Anyway, the longer I was off I realized something, I have been consumed by being a nurse for 34 years. Its who I was. Yes, I was a wife, mother, and grandmother, but I was a NURSE. I worked fulltime; nursing was a huge part of my life as well as being a working adult. I’ve slowly realized over the past few months that once the shock and worry eased that I was experiencing something that I do not remember experiencing before — incredible freedom. I could choose every day what I wanted to do; if I didn’t want to be around someone, I would stay away from them. If I didn’t want to do something, I didn’t. The only bosses I had were aged 11, 6, 5 and 4 and they could be bribed to do what I wanted most of the time. I was just Mom and Gigi, and I have been happy. But as with all good fairy tales that must come to an end since I can’t afford to live that way forever and I must go back to work.

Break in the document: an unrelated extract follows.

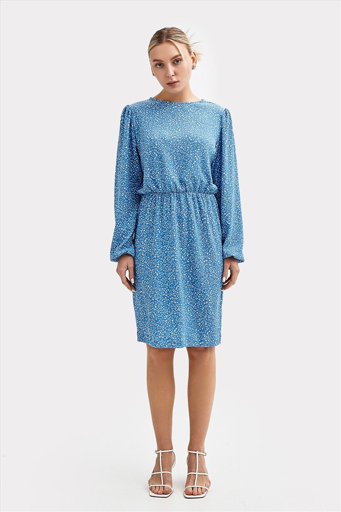 ID товара: 971400 Состав: 98% Полиэстер; 2% Эластан Сезон: Весна/Лето Рукав: длинные Вид застежки: Пуговицы Вырез горловины: Круглый Тип карманов: Без карманов Декоративные элементы: Без элементов Конструктивные элементы: Нет Покрой: полуприлегающий Уход: Деликатная стирка при 30 градусах Фактура материала: Тканое полотно Страна бренда: Беларусь Страна производства: Белоруссия Платье женское полуприлегающего силуэта из ткани рошель. Горловина круглой формы, окантована бейкой из основного полотна. Рукав втачной, по окате с небольшой сборкой. Низ рукава подгибка с эластичной тесьмой внутри, образует сборку. Платье отрезное по талии с эластичной тесьмой, по талии присборено. Платье длиной по колено. Комментарии к товару

I start work on Monday, and everyone asks me if I’m excited to be going to back. The answer is yes and no. I’m sure that I will get back into a routine and that I will be content eventually. Nursing isn’t fun, its hard work and being judged by people who aren’t nurses and really have no concept of what it is you actually do. They think they do, but they don’t. Before I became an NP I watched a lot of girls fresh out of nursing school, so new they still cried every day at work, get promoted to management because they were young and cute and would drink the corporate kool-aid. The old dinosaurs who could have made an enormous impact and turned the unit around continued to work the floor and get bossed around by these cute new managers. It’s a total lack of respect and appreciation for years of experience and hard work.
So bottom line I am returning to work on Monday, and I am thankful for the opportunity and for the person who realized that I do have a lot left to contribute. I guess what I am trying to say with this blog is that if you can afford to, don’t let nursing or any other job consume you. Give it your best when you are there but forget about it the minute you leave the job site. Take advantage of every opportunity to experience freedom. Play Pokemon with your grandson, binge-watch Netflix, enjoy your life. Don’t let your job be your life because they will boot you out and not blink an eye.